Signature Verification

Verifying signatures for smart contract wallets involves specific considerations since the smart contract itself cannot produce a signature. Instead, it provides a function:

function isValidSignature(bytes32 _hash, bytes memory _signature) returns (bytes4 magicValue);

This function, defined in EIP-1271, is called to verify if a given signature is valid.

For a Smart Wallet, a signature is valid if it is signed by a current signer (or "owner") of the wallet. For instance, a user might sign a message using their passkey.

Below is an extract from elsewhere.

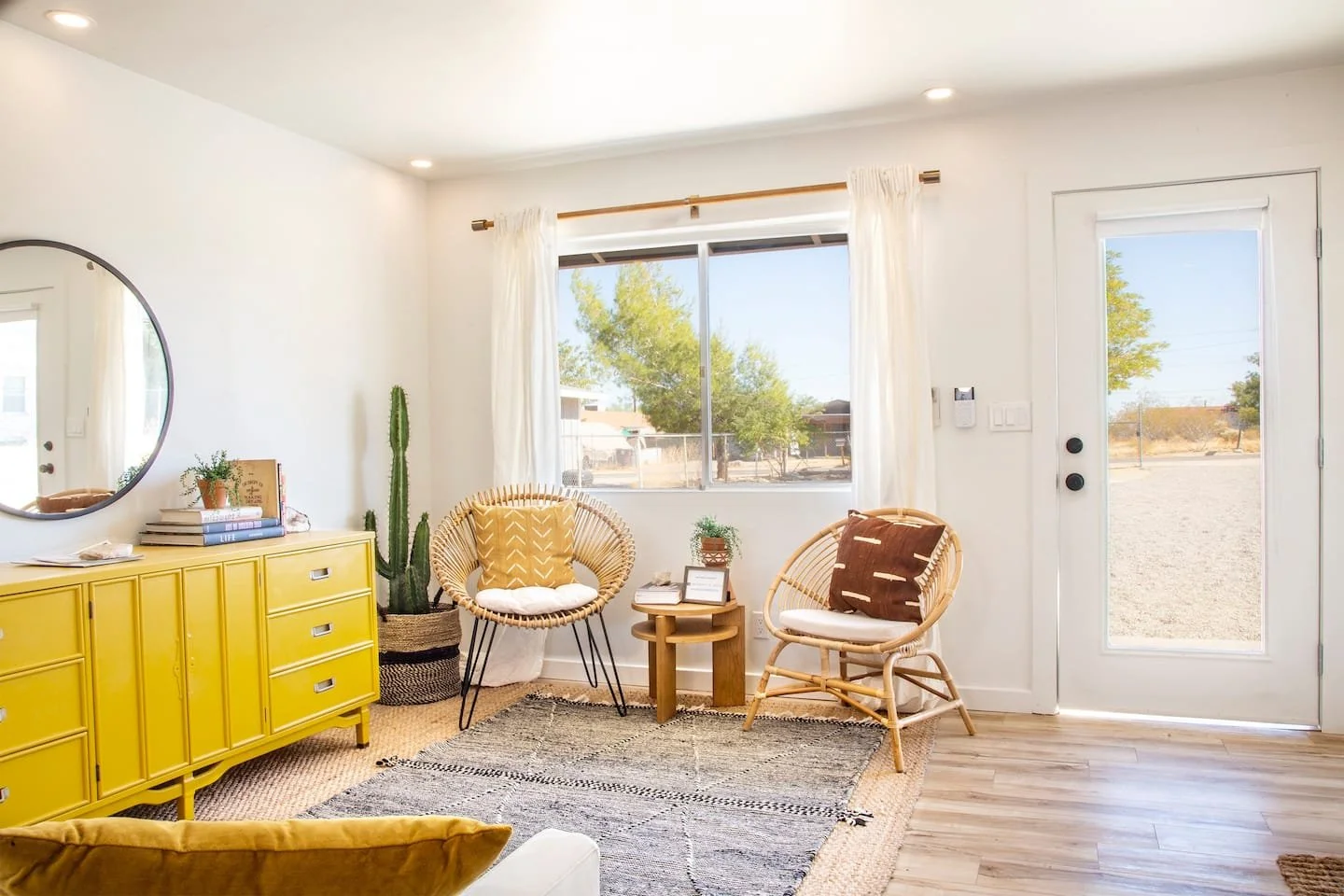 Nestled in the heart of Joshua Tree, you'll feel secluded in your own little private oasis with Bohemian chic furniture and modern upgrades to everything.

When the isValidSignature function is called on their Smart Wallet, it validates the signature because the user's passkey is authorized as an owner.

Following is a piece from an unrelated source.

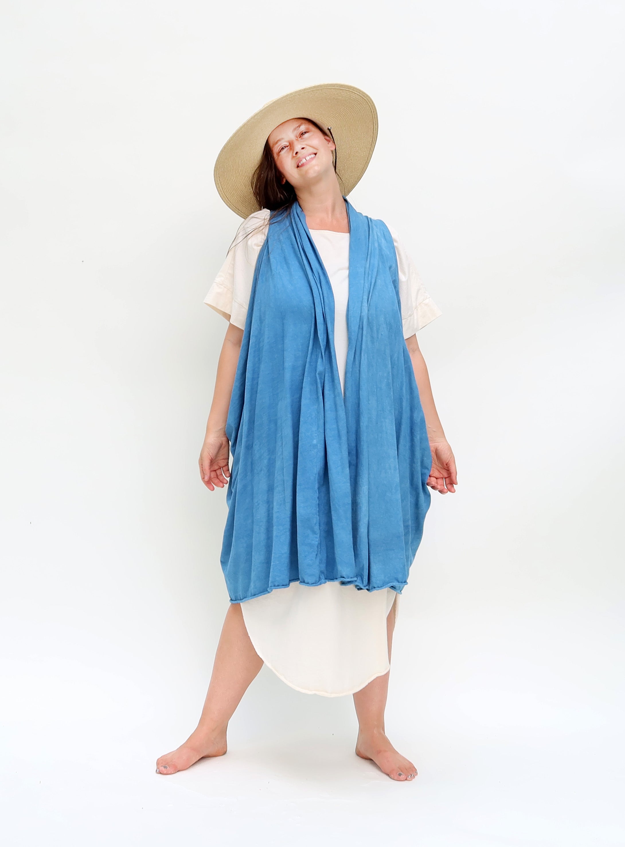 The Bombay is a sleeveless design with dramatically draping armholes.The Cardigan is an open-front jacket with a border of fabric running the length of the open neckline. This design is simple yet unique and adds a level of artistic sophistication to any outfit.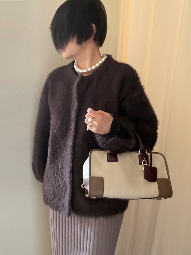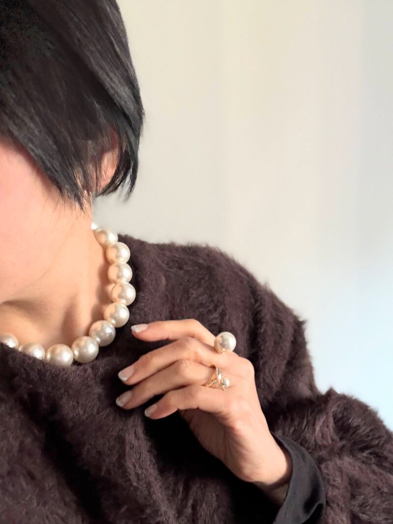 丸首が詰まり具合がキレイなニットジャケット。これにはこの大粒パールのネックレスがぴったり。

The following section outlines how to implement both personal message signing and typed data signing using wagmi.

Message Signing#

For basic message signing (personal_sign), you can use wagmi's useSignMessage hook. Here's an example implementation:

import { useSignMessage } from 'wagmi'
function SignMessage() {
  const { signMessage, data: signature, isPending, error } = useSignMessage()
  const handlePersonalSign = () => {
    signMessage({ message: 'Hello World' })
  }
  return (
    <div>
      <button 
        onClick={handlePersonalSign}
        disabled={isPending}
      >
        {isPending ? 'Signing...' : 'Sign Message'}
      </button>
      
      {signature && (
        <div>
          <p>Signature: {signature}</p>
        </div>
      )}
      
      {error && <div>Error: {error.message}</div>}
    </div>
  )
}

Typed Data Signing#

For more complex signatures, you can use typed data signing (EIP-712) with wagmi's useSignTypedData hook:

import { useSignTypedData } from 'wagmi'
function SignTypedData() {
  const { signTypedData, data: signature, isPending, error } = useSignTypedData()
  const types = {
    Mail: [
      {name: 'from', type: 'Person'},
      {name: 'to', type: 'Person'},
      {name: 'content', type: 'string'},
    ],
    Person: [
      {name: 'name', type: 'string'},
      {name: 'wallet', type: 'address'},
    ],
  }
  const handleTypedMessage = () => {
    signTypedData({
      domain: {
        chainId: 1, // Replace with your chain ID
        name: 'Example DApp',
        verifyingContract: '0xCcCCccccCCCCcCCCCCCcCcCccCcCCCcCcccccccC',
        version: '1',
      },
      types,
      message: {
        from: { name: 'Alice', wallet: '0x2111111111111111111111111111111111111111' },
        to: { name: 'Bob', wallet: '0x3111111111111111111111111111111111111111' },
        content: 'Hello!',
      },
      primaryType: 'Mail',
    })
  }
  return (
    <div>
      <button 
        onClick={handleTypedMessage}
        disabled={isPending}
      >
        {isPending ? 'Signing...' : 'Sign Typed Data'}
      </button>
      
      {signature && (
        <div>
          <p>Signature: {signature}</p>
        </div>
      )}
      
      {error && <div>Error: {error.message}</div>}
    </div>
  )
}

Both signing methods work seamlessly with Smart Contract Wallets that implement EIP-1271, allowing for a consistent signing experience across EOA and Smart Contract Wallets.